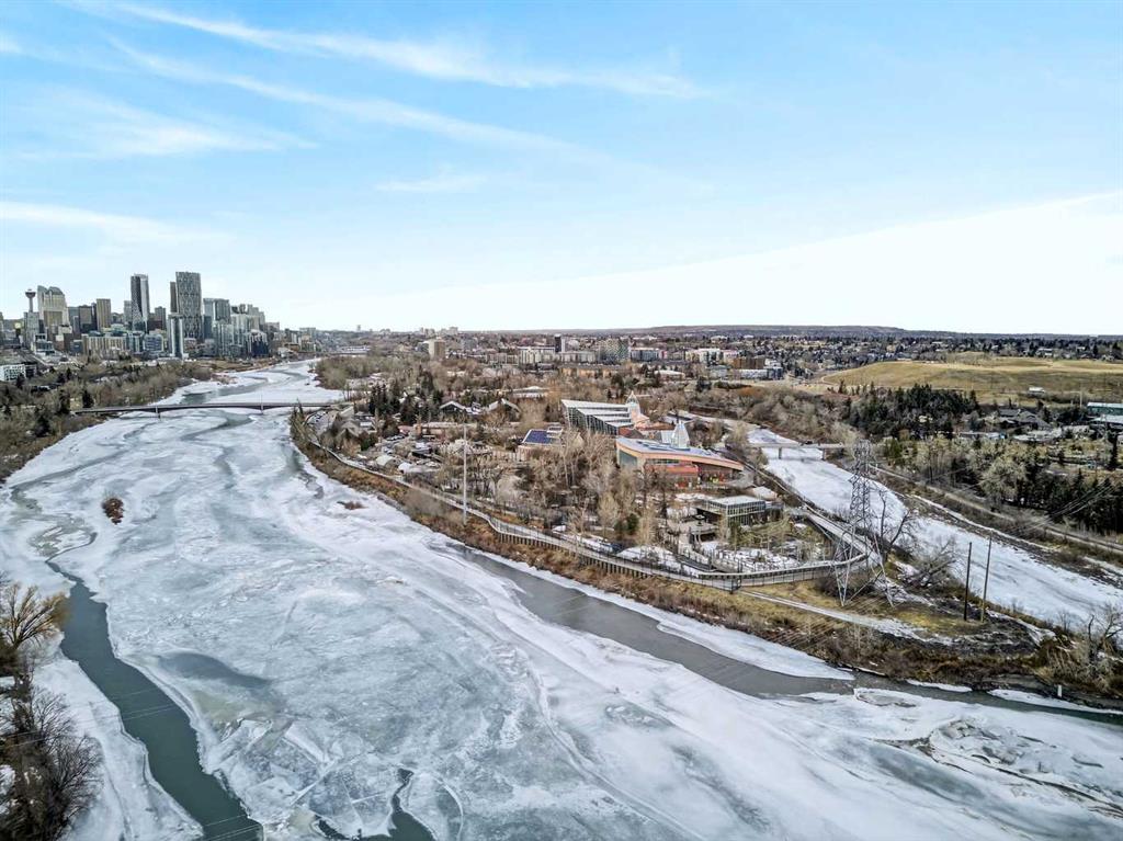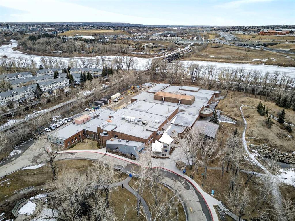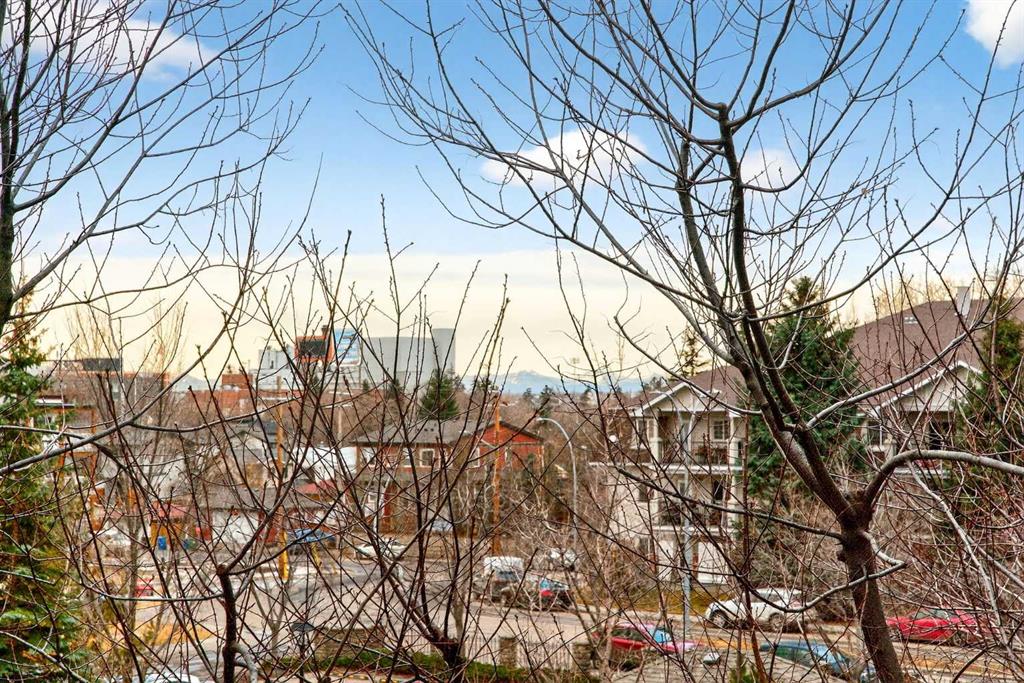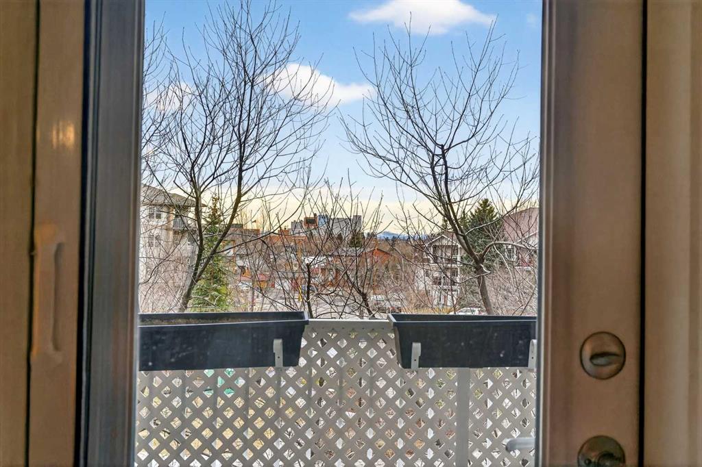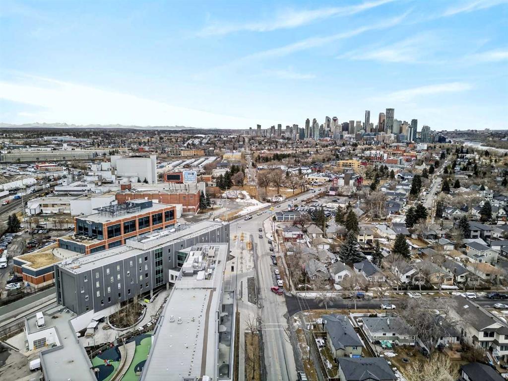 This is no cookie-cutter condo. This exceptional suite showcases creative attention to detail, with custom features left in place for new owners to enjoy from day one. The striking custom-built brick fireplace wall serves as a stunning focal point, complemented by two sets of thick glass shelving that float with unobtrusive grace. Luxury vinyl flooring flows throughout, while the spacious granite countertop provides ample room for meal preparation and entertaining. The refreshed kitchen features quartz countertops, freshly painted cabinets, and newer stainless-steel appliances. In the dining area, the sophisticated black light fixture complements the custom-built quartz table and sleek mid-century modern chairs, available for purchase separately. Southwest exposure floods the suite with natural light and frames beautiful sunsets, mountain views, springtime blossoms, and fall colours from your private balcony. Upgraded deck flooring, custom lattice surround, 12-foot roll-down sunscreen, and retractable screen door make the outdoor space distinctive. The large primary bedroom includes custom dresser and shelving in the closet. A second enclosed room, currently a home office, meets legal egress requirements thanks to the building's full sprinkler system—making it a safe second bedroom. Ceiling fans in both bedrooms and built-in entry and laundry storage add comfort throughout. All this is yours in the friendly and inviting neighborhood of Inglewood, where you're an easy walk to the beautiful Bow River with kilometres of biking and walking trails. Stroll to the excellent shopping, vintage stores, cafes, breweries, and restaurants that Inglewood is famous for. Harvey Passage white water recreation is just 10 minutes away on foot. Heated underground parking and an ample storage locker near the elevator complete the package.
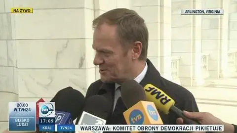 Przewodniczący Rady Europejskiej przyznał, że w czasie pobytu w USA wielu zagranicznych polityków pytało go o wydarzenia bieżące w Polsce. - Miałem kilka takich spotkań i rozmów, nie tylko z Amerykanami. Nie będę komentował mojej krótkiej rozmowy z Barackiem Obamą, bo zobowiązaliśmy się obaj do dyskrecji, ale oczywiście pytał o moją ocenę sytuacji w Europie i Polsce - powiedział.
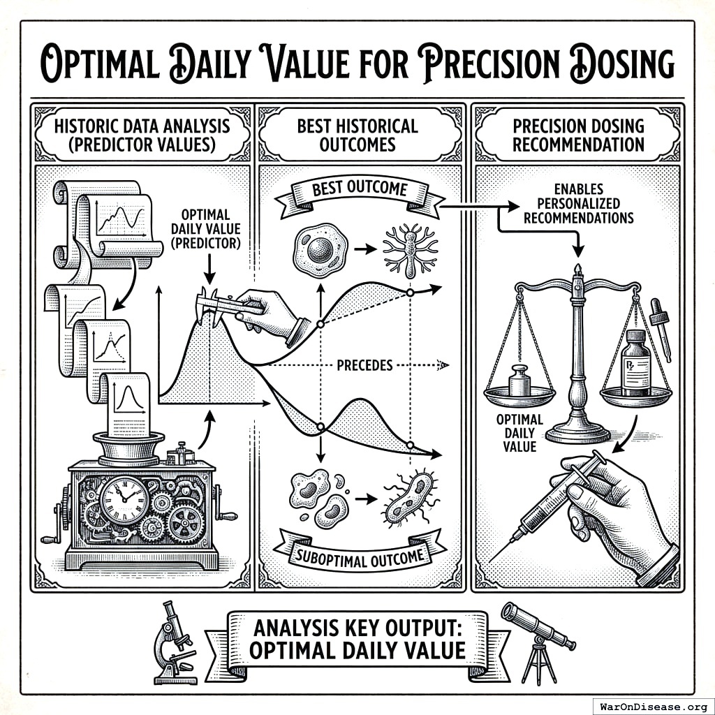 - Precision Dosing: Personalized treatment recommendations based on an individual’s historical optimal values, enabling targeted interventions at the dose most likely to produce beneficial outcomes
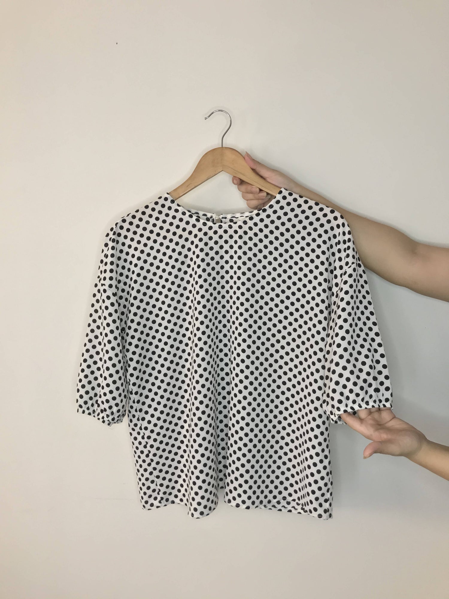 Koton | Black White Polka Dot Blouse Puff Sleeves | Women Tops & Shirts | Medium |Worn Once is backordered and will ship as soon as it is back in stock.
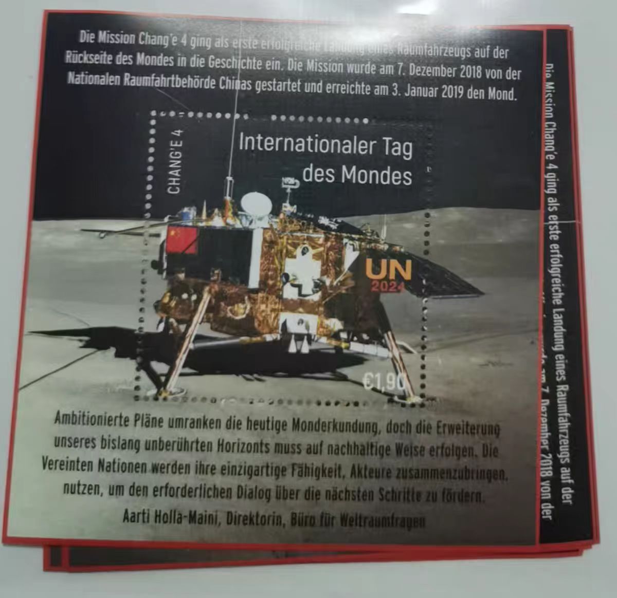 联合国2024年7月20日国际月球日发行中国嫦娥4号邮票小型张1全
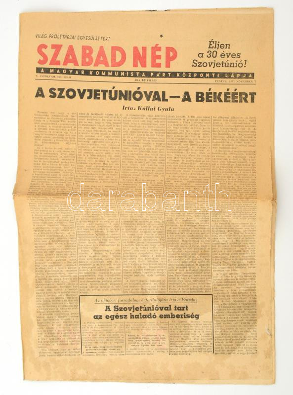 Leírás: 1947 Szabad Nép V. évfolyam 253. szám, 1947. November 7., kissé foltos állapotban.
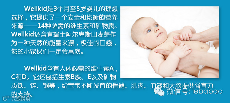 WellKID宝宝营养液是Vitabiotics特别研发,针对3个月到5岁的宝宝提供安全和均衡全面的14种基本维生素和矿物质,特别添加了瑞士阿尔卑斯山高山麦芽,为宝宝的味觉提供尝试并让喜欢宝宝。
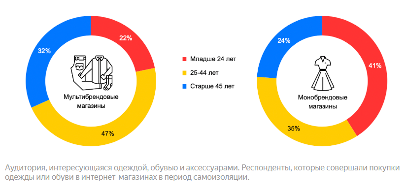 При этом молодые пользователи предпочитают покупать одежду в монобрендовых магазинах. Всего на собственных площадках брендов делали заказ около трети потребителей, среди которых 41% — младше 24 лет.
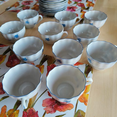 Malli on sama kuin esim. Valencia tai Katrilli kupeissa, mutta koristelematon ja leimaamaton. Kupin kork. 6,5 cm, halk.9,5, asetin halk. 14 cm, kunto mint.
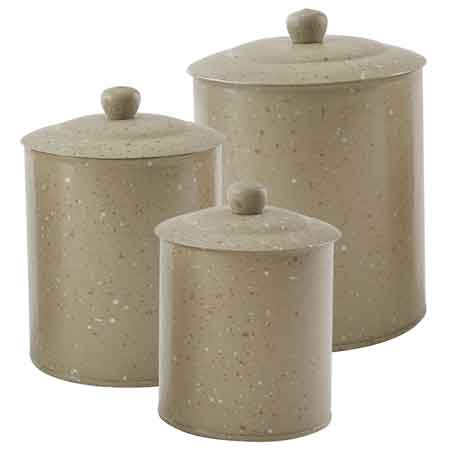 One set of 3 Park Designs Sandstone Graniteware canisters with lids. The canisters are made to look worn and rusted in some spots, distressed areas are a part of the design. The canisters measure 7.625H X 5.75 Diameter; 8.625H X 6.5 Diameter; 9.625H X 7.25 Diameter. Made from steel coated with porcelain enamel in the traditional graniteware style. Some Assembly is required: The knobs will need to be attached to the lids. All hardware is included. See the whole collection of dinnerware and accessories, available separately
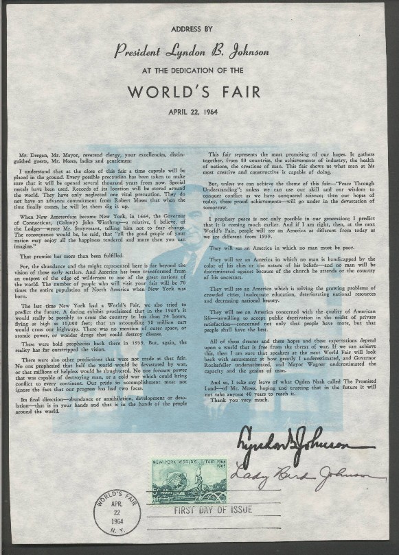 This document is entitled "Address by President Lyndon B. Johnson At The Dedication of the World's Fair April 22, 1964." The body of the document is President Johnson's speech with a portrait of the President. At the bottom it has a postal stamp for the New York World's Fair and a postal cancellation dated April 22, 1964 and the signatures of Lyndon B. Johnson and Lady Bird Johnson. A close examination of the signature indicated that the President's signature is a facsimile preprinted with the document and the First Lady's signature is authentic. This is a nice item for Presidential or First Lady collectors as well as world's fair and stamp collectors. Price $55/SOLD
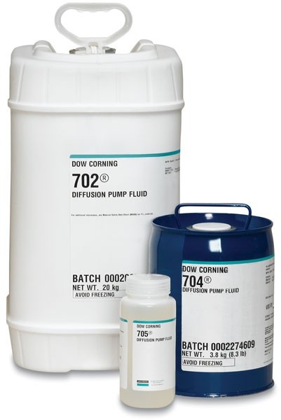 DOW CORNING 704是单一组分油,用于10-6-10-8托和10-10-10-11托的高真空。它在困难苛刻的应用中用得很好,甚至通大气后在工作温度仍能提供快速抽真空。 类型 单一组分硅材料 物理形式 流体 特性 苯含量高、化学惰性、无杂质、抗氧化、辐射和爆炸 主要用途 用于制造10-6-10-8托(无阱)和10-10-10-11托(有阱)的真空 扩散泵油奉献如下好处: 1 缩短调节运行时间:单一组分硅油比用多组分的有机油达到大能力需要的时间短的多。 2 快速抽空:扩散泵用硅油工作前级压力可比使用有机油高20-300%。为使泵工作区域高压端气体通过能力更高,加热输入可以增加20-30%。 3 极小的回流:DOW CORNING单一组分硅油的蒸汽压力是很低的,以至对于许多应用阱或现存的阱致冷是不需要的。 4 较长的服务寿命:硅油的热和化学稳定性允许长久的运行而不被恶化和污染。 5 清洗系统维修需求较少:在隔板温度硅油的蒸汽压力低导致迁移率。喷口和油加热器表面保持清洁,硅油在工作条件下有效地呈现出不衰变或不分解。 6 较快的循环,减少停机时间,更换油的需求少:在工作温度下暴露到大气后,硅油的恢复速度比有机油快许多时间。 |

──────────────────────────────

:: Exercise aim ::
Write out exactly the lines from the line holding "This document is" through the last line of the records above, inclusive, and nothing more. Leave out the pictures.

:: Solution to this exercise ::
 This document is entitled "Address by President Lyndon B. Johnson At The Dedication of the World's Fair April 22, 1964." The body of the document is President Johnson's speech with a portrait of the President. At the bottom it has a postal stamp for the New York World's Fair and a postal cancellation dated April 22, 1964 and the signatures of Lyndon B. Johnson and Lady Bird Johnson. A close examination of the signature indicated that the President's signature is a facsimile preprinted with the document and the First Lady's signature is authentic. This is a nice item for Presidential or First Lady collectors as well as world's fair and stamp collectors. Price $55/SOLD
 DOW CORNING 704是单一组分油,用于10-6-10-8托和10-10-10-11托的高真空。它在困难苛刻的应用中用得很好,甚至通大气后在工作温度仍能提供快速抽真空。 类型 单一组分硅材料 物理形式 流体 特性 苯含量高、化学惰性、无杂质、抗氧化、辐射和爆炸 主要用途 用于制造10-6-10-8托(无阱)和10-10-10-11托(有阱)的真空 扩散泵油奉献如下好处: 1 缩短调节运行时间:单一组分硅油比用多组分的有机油达到大能力需要的时间短的多。 2 快速抽空:扩散泵用硅油工作前级压力可比使用有机油高20-300%。为使泵工作区域高压端气体通过能力更高,加热输入可以增加20-30%。 3 极小的回流:DOW CORNING单一组分硅油的蒸汽压力是很低的,以至对于许多应用阱或现存的阱致冷是不需要的。 4 较长的服务寿命:硅油的热和化学稳定性允许长久的运行而不被恶化和污染。 5 清洗系统维修需求较少:在隔板温度硅油的蒸汽压力低导致迁移率。喷口和油加热器表面保持清洁,硅油在工作条件下有效地呈现出不衰变或不分解。 6 较快的循环,减少停机时间,更换油的需求少:在工作温度下暴露到大气后,硅油的恢复速度比有机油快许多时间。 |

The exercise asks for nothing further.